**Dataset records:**
++++++++++++++++++++

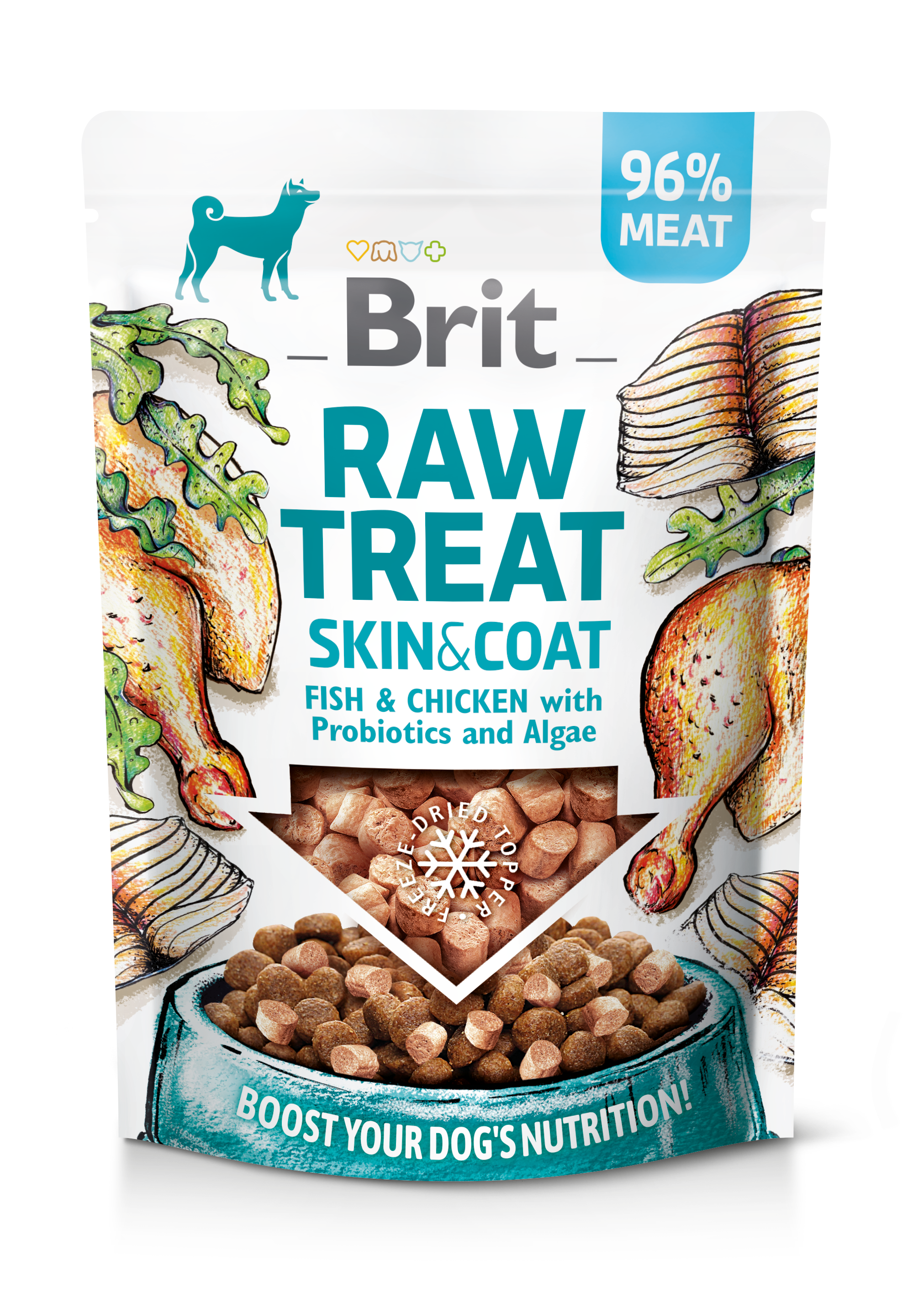 Brit Raw Treat Skin&Coat Fish&Chicken to przysmaki z kurczakiem i ryba wspierające zdrowie skóry i sierści Twojego psa. Skład produktu został wzbogacony o probiotyki o efekcie immunomodulacyjnym, a także algi będące źródłem włókna prebiotycznego.
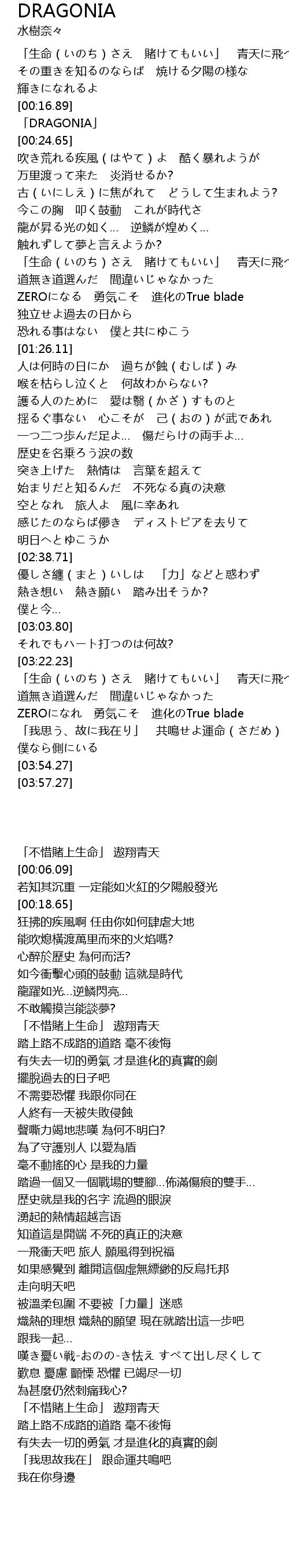 | [03:35.54] | ZEROになれ 勇気こそ 進化のTrue blade |
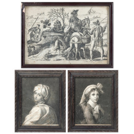 Lotto di tre stampe, XIX secolo, misure massime cm 22x17, entro cornice, (segni di usura, tracce di umidità, foxing, segni di piegatura, piccole lacune)
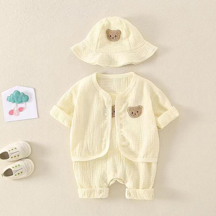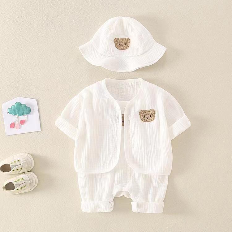 | nameOriginal | Summer New Newborn Baby Boys and Girls Baby Gauze Bear Sling Jumpsuit Cardigan Jacket Three-piece Outer |
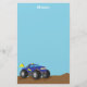 Efectos de escritorio para los muchachos con un monster truck azul fresco que compite con con un icono de la iluminación en el lado, compitiendo con en el terreno rocoso. Para los niños que aman los coches y los vehículos de competición.
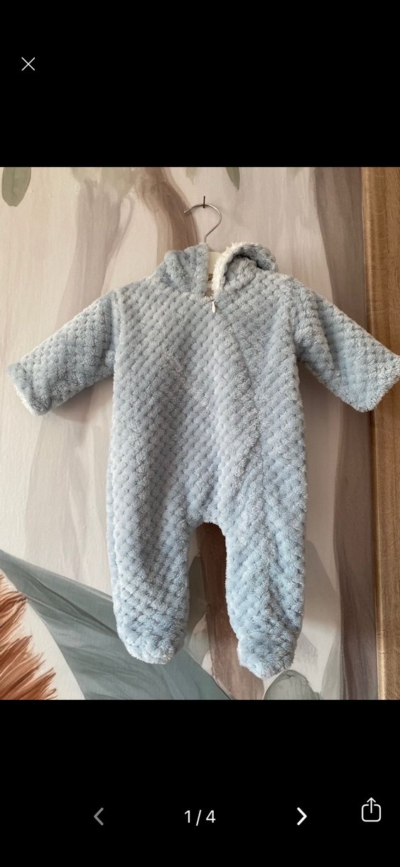 Yumuşak ve sıcak kumaştan yapılmış gri peluş bebek tulumu, kapüşonlu ve tam kapalıdır.
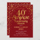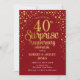 Invitación de Sorpresa 40 Aniversario de Boda Diseño elegante en rojo rubí con fuente de escritura en falso dorado y confeti. Envíame un mensaje si necesitas un año personalizado.

++++++++++++++++++++

Write back the stretch of lines above that begins with the line holding "Three-piece Outer |" and ends with the line holding "Efectos de escritorio", both included, exactly as written. Pictures stay out.

 | nameOriginal | Summer New Newborn Baby Boys and Girls Baby Gauze Bear Sling Jumpsuit Cardigan Jacket Three-piece Outer |
 Efectos de escritorio para los muchachos con un monster truck azul fresco que compite con con un icono de la iluminación en el lado, compitiendo con en el terreno rocoso. Para los niños que aman los coches y los vehículos de competición.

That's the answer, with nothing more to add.